**TASK DETAILS:** Please give the lines below again exactly as they stand, from the one that contains "als moderne interieurstijlen." up to and including the one that contains "2025年截至三季度,后市场", leaving all pictures out.

**RECORDS SHOWN:**
Start of Block

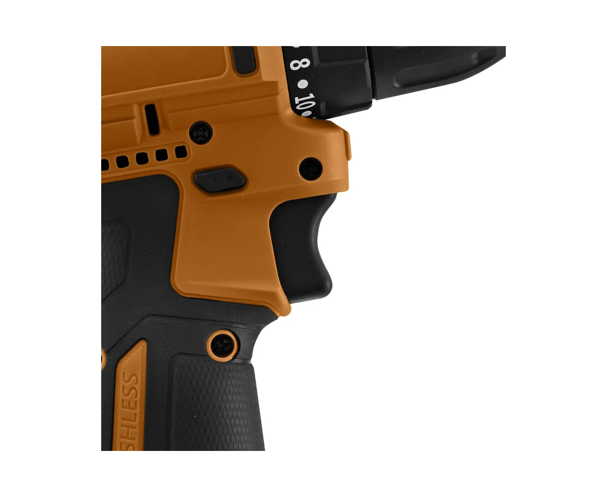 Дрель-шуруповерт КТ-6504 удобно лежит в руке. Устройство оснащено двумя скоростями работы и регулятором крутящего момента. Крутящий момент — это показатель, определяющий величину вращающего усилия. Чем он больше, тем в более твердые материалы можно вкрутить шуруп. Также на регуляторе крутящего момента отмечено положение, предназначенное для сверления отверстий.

End of Block
Start of Block

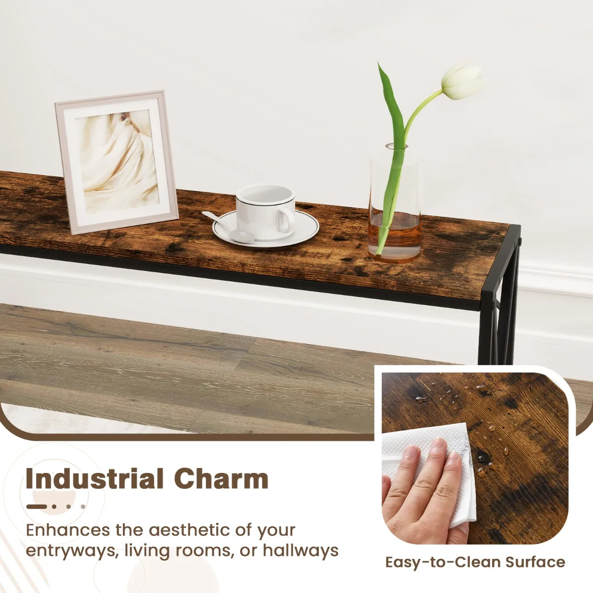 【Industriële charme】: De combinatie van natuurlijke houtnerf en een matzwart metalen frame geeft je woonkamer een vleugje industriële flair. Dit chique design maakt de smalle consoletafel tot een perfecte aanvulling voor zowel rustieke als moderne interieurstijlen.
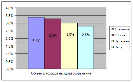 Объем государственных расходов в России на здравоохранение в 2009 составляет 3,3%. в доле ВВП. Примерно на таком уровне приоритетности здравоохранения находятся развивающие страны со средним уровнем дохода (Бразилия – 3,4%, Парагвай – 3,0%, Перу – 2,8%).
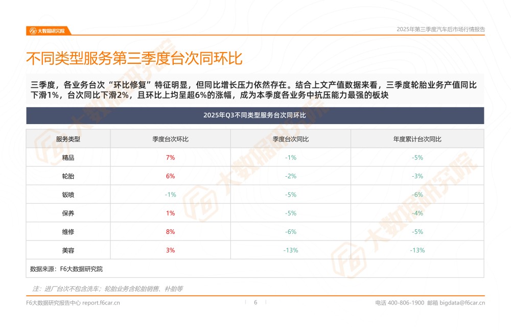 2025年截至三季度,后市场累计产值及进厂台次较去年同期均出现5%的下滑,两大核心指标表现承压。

End of Block
Start of Block

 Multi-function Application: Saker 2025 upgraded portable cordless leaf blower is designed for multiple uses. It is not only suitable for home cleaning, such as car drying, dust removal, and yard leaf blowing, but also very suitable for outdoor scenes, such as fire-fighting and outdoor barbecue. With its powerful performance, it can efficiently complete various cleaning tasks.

End of Block

**ANSWER FOR THIS EXERCISE:**
 【Industriële charme】: De combinatie van natuurlijke houtnerf en een matzwart metalen frame geeft je woonkamer een vleugje industriële flair. Dit chique design maakt de smalle consoletafel tot een perfecte aanvulling voor zowel rustieke als moderne interieurstijlen.
 Объем государственных расходов в России на здравоохранение в 2009 составляет 3,3%. в доле ВВП. Примерно на таком уровне приоритетности здравоохранения находятся развивающие страны со средним уровнем дохода (Бразилия – 3,4%, Парагвай – 3,0%, Перу – 2,8%).
 2025年截至三季度,后市场累计产值及进厂台次较去年同期均出现5%的下滑,两大核心指标表现承压。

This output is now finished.